From the line holding "USE RETRICTIONS: The" through the line holding "Weihnachtsstollen, frische Teiglinge im Ofen" below, write out every line exactly; include both of those lines and drop the pictures.

__Data in this exercise__:
########################################

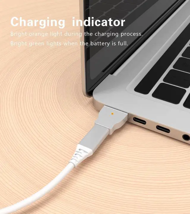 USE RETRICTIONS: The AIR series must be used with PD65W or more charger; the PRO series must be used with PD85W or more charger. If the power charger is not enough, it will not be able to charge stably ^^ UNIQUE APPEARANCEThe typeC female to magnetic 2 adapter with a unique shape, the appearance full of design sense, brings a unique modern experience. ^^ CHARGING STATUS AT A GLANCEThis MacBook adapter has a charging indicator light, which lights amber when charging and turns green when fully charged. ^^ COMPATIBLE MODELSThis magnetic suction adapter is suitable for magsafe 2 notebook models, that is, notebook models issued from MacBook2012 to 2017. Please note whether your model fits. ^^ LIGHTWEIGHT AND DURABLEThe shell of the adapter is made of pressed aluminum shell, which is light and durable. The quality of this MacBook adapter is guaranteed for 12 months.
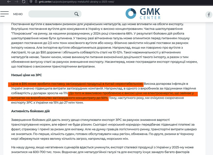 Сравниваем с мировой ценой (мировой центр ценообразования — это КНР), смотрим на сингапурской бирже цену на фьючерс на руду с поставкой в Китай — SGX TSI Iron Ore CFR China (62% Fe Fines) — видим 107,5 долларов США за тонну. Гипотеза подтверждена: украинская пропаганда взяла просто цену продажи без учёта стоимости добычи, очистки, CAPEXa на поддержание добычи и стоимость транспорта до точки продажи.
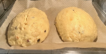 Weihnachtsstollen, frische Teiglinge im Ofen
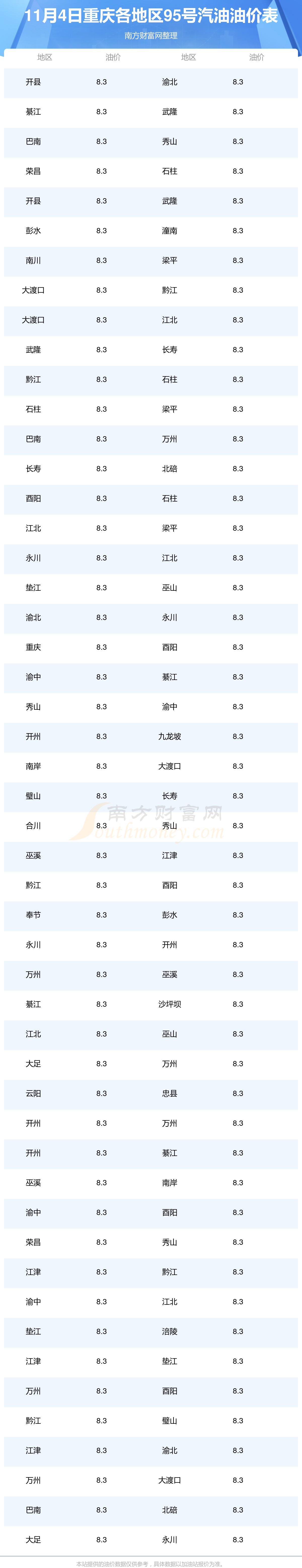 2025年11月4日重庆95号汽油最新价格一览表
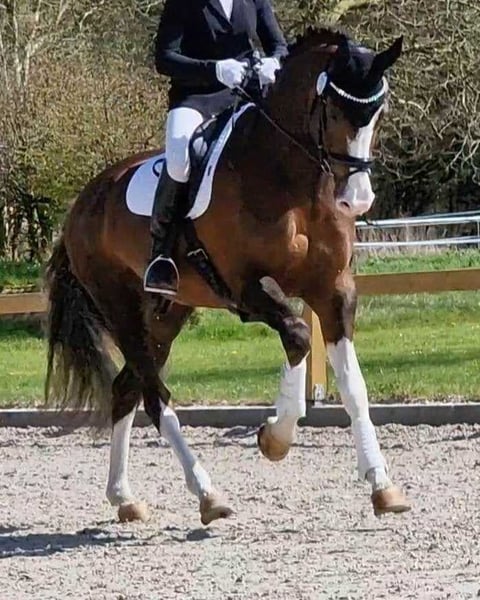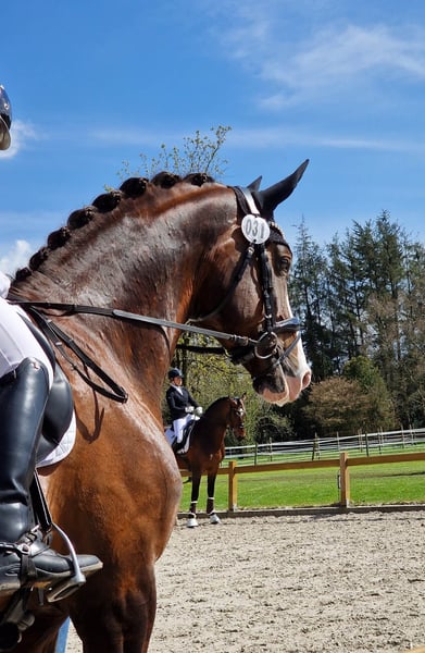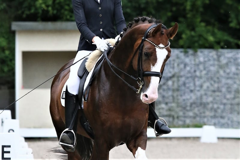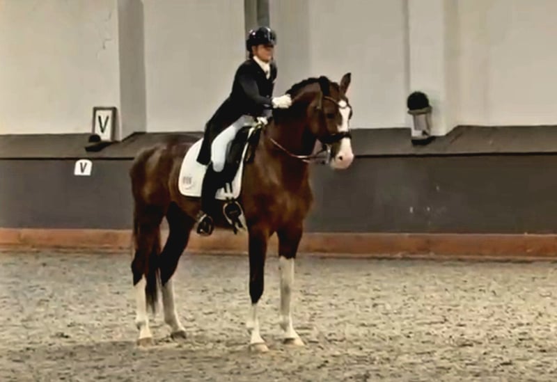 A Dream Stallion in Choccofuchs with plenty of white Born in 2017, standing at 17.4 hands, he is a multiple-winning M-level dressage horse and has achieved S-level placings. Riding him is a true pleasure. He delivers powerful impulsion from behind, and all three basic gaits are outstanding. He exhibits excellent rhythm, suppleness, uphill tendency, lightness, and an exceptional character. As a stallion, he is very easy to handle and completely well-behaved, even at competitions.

########################################

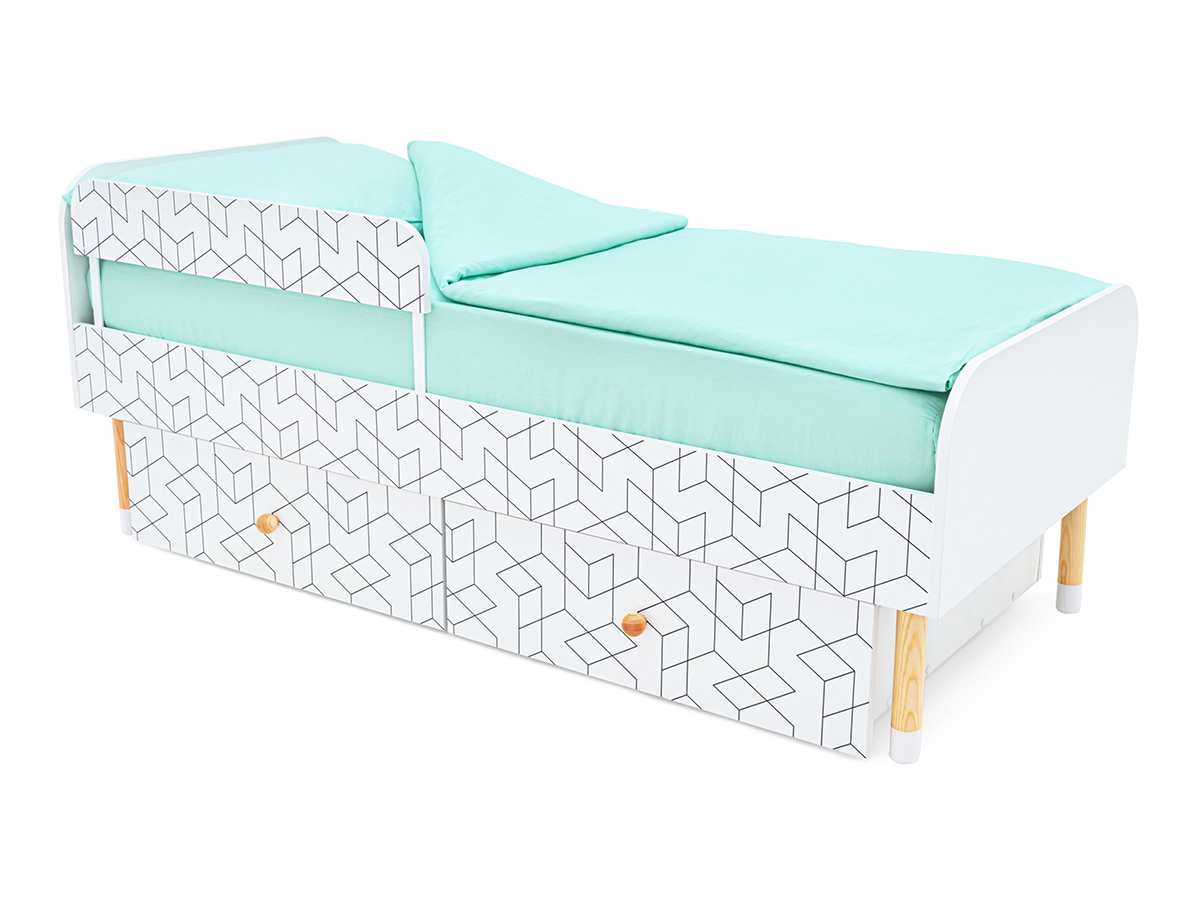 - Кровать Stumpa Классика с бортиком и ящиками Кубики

########################################

__Final answer__:
 USE RETRICTIONS: The AIR series must be used with PD65W or more charger; the PRO series must be used with PD85W or more charger. If the power charger is not enough, it will not be able to charge stably ^^ UNIQUE APPEARANCEThe typeC female to magnetic 2 adapter with a unique shape, the appearance full of design sense, brings a unique modern experience. ^^ CHARGING STATUS AT A GLANCEThis MacBook adapter has a charging indicator light, which lights amber when charging and turns green when fully charged. ^^ COMPATIBLE MODELSThis magnetic suction adapter is suitable for magsafe 2 notebook models, that is, notebook models issued from MacBook2012 to 2017. Please note whether your model fits. ^^ LIGHTWEIGHT AND DURABLEThe shell of the adapter is made of pressed aluminum shell, which is light and durable. The quality of this MacBook adapter is guaranteed for 12 months.
 Сравниваем с мировой ценой (мировой центр ценообразования — это КНР), смотрим на сингапурской бирже цену на фьючерс на руду с поставкой в Китай — SGX TSI Iron Ore CFR China (62% Fe Fines) — видим 107,5 долларов США за тонну. Гипотеза подтверждена: украинская пропаганда взяла просто цену продажи без учёта стоимости добычи, очистки, CAPEXa на поддержание добычи и стоимость транспорта до точки продажи.
 Weihnachtsstollen, frische Teiglinge im Ofen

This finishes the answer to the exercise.